Director: Preston Sturges

Guion: Preston Sturges, según la obra de Monckton Hoffe

Intérpretes: Barbara Stanwyck, Henry Fonda, Charles Coburn, Eugene Pallette, William Demarest, Eric Blore, Melville Cooper, Martha O’Driscoll, Janet Beecher

Música: Leo Shuken, Charles Bradshaw

Fotografía: Victor Milner

EEUU. 1941. 96 minutos

 

Nuestro gran deseo

 Personaje tan singular como se suele decir pero de mayor relevancia en la historia del cine de la que se predica de él –por mucho prestigio que atesore–, Preston Sturges fue un autor según la consideración cahierista del término y algunas otras, y se le debe considerar un precursor de una figura hoy tan habitual y entonces tan inédita como la del guionista-director, el cineasta que asume las dos funciones, condición que no es más que la puerta de entrada a su incontestable aportación a la modernidad cinematográfica, sobre la que podríamos estar largo tiempo disertando, aunque a tales efectos les pueda recomendar, entre otros, el estupendo monográfico que Angel Comas le dedica al cineasta, dentro de la colección “Lo esencial de…”, de la editorial T&B. En esta reseña sí que es preciso decir, para ubicar los términos, que Preston Sturges fue uno de los grandes impulsores de la exuberante, extraordinaria, constante renovación estilística de la comedia en su periodo probablemente más brillante de la historia del cine.
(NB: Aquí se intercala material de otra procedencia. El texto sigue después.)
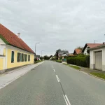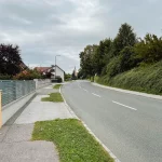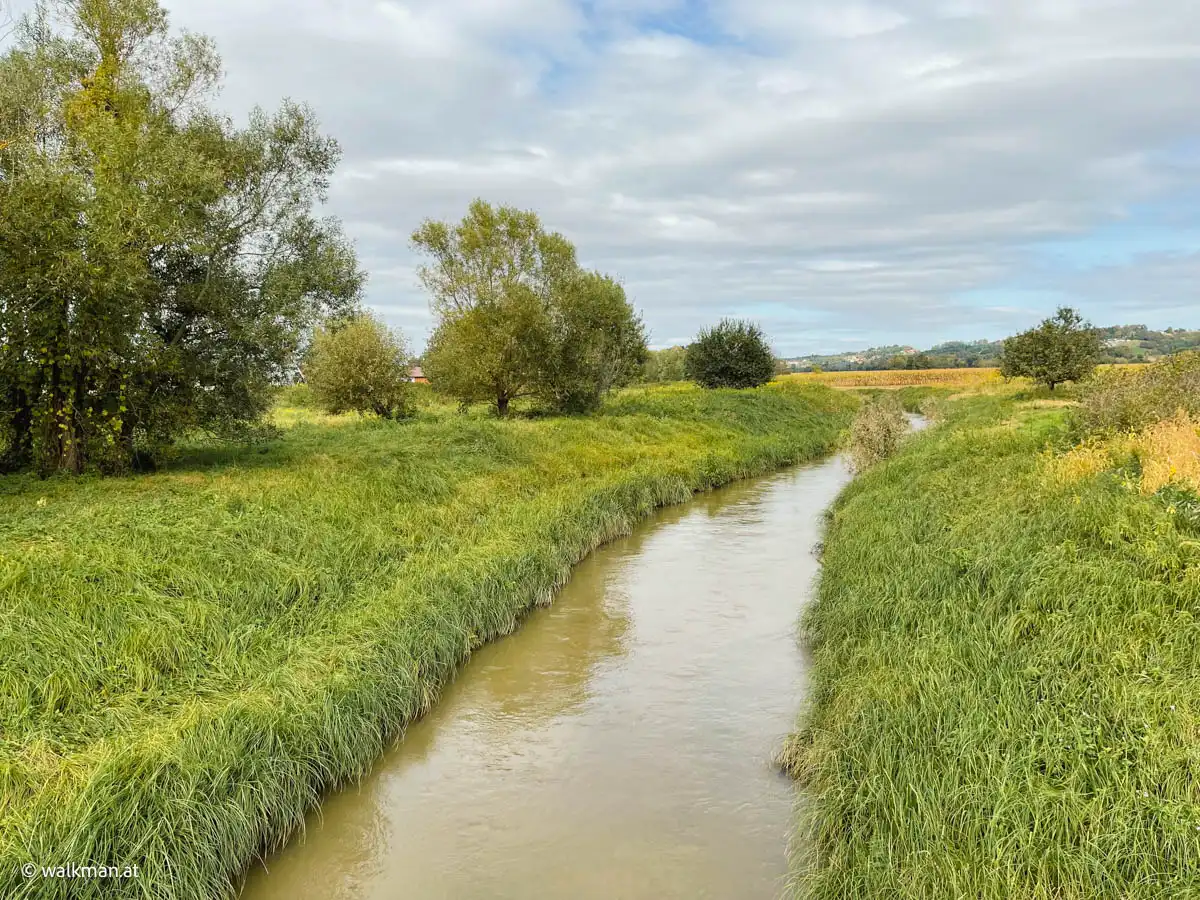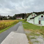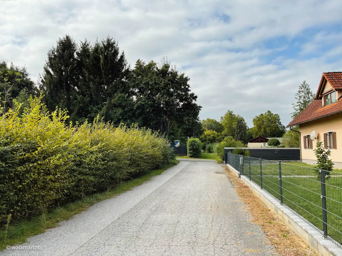 Nun geht es die Straße, die Richtung weiterführend, wie wir gekommen waren, weiter. Nach Süden. Richtung Fürstenfeld. Um dann bei der 90° Rechtskurve, nach links, in die Gasse hinein, abzubiegen. Entlang des Lobenbachs, der hier links der Route fließt, walke ich aus Burgau hinaus.
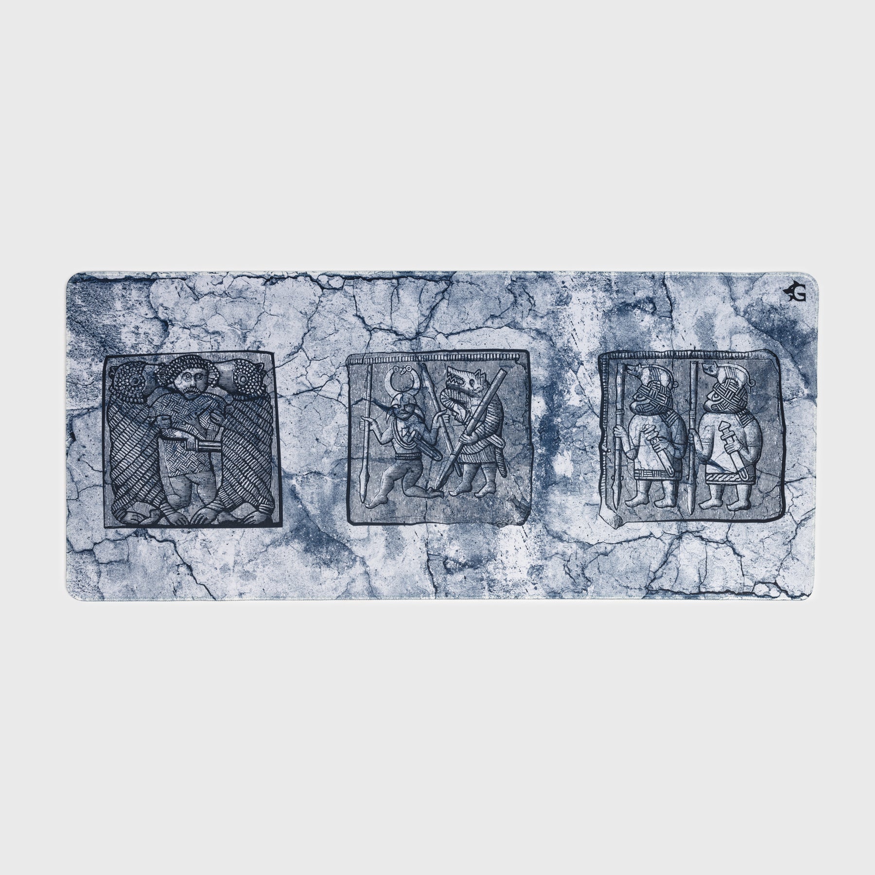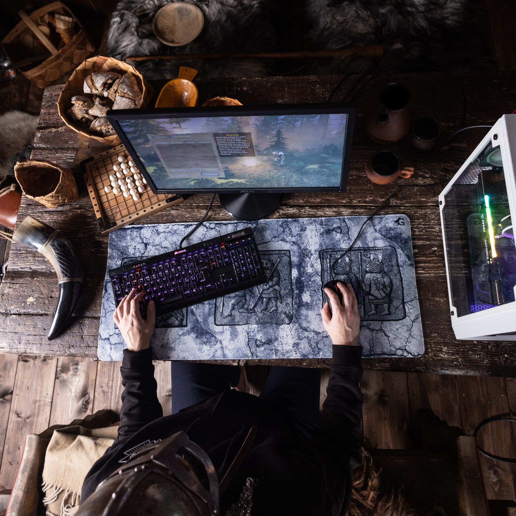 Ein Mauspad in absoluter Spitzenqualität, das die Wikinger auf deinen Schreibtisch bringt. Das Design ist den Torslunda-Platten entnommen, gegossenen Bronzestempeln, die in der Gemeinde Torslunda auf der schwedischen Insel Öland gefunden wurden. Sie stammen aus dem 6. bis 8. Jahrhundert und zeigen traditionelle mythologische Szenen.

Guionista, productor y director de comedias, podemos decir que hay hasta siete de entre las suyas que pueden calificarse como screwball comedy: por orden de realización, Navidades en julio (Christmas in July, 1940), Las tres noches de Eva (The Lady Eve, 1941), Los viajes de Sullivan (Sullivan’s Travels, 1942), Un marido rico (The Palm Beach Story, 1942), Hail the Conquering Hero (1944), The Miracle of Morgan’s Creek (1944) e  Infielmente tuya (Unfaithfully Yours, 1948). Y aunque hay rasgos de genialidad en todas ellas, y por ejemplo Los viajes de Sullivan aparece justamente en todos los listados sobre las mejores comedias de la historia, debe decirse que probablemente sea otra obra maestra, la que nos ocupa, aquélla en la que con mayor elocuencia se desglosan los ingredientes tipológicos que definen esa comedia sofisticada de los años gloriosos del cine de los grandes estudios de Hollywood.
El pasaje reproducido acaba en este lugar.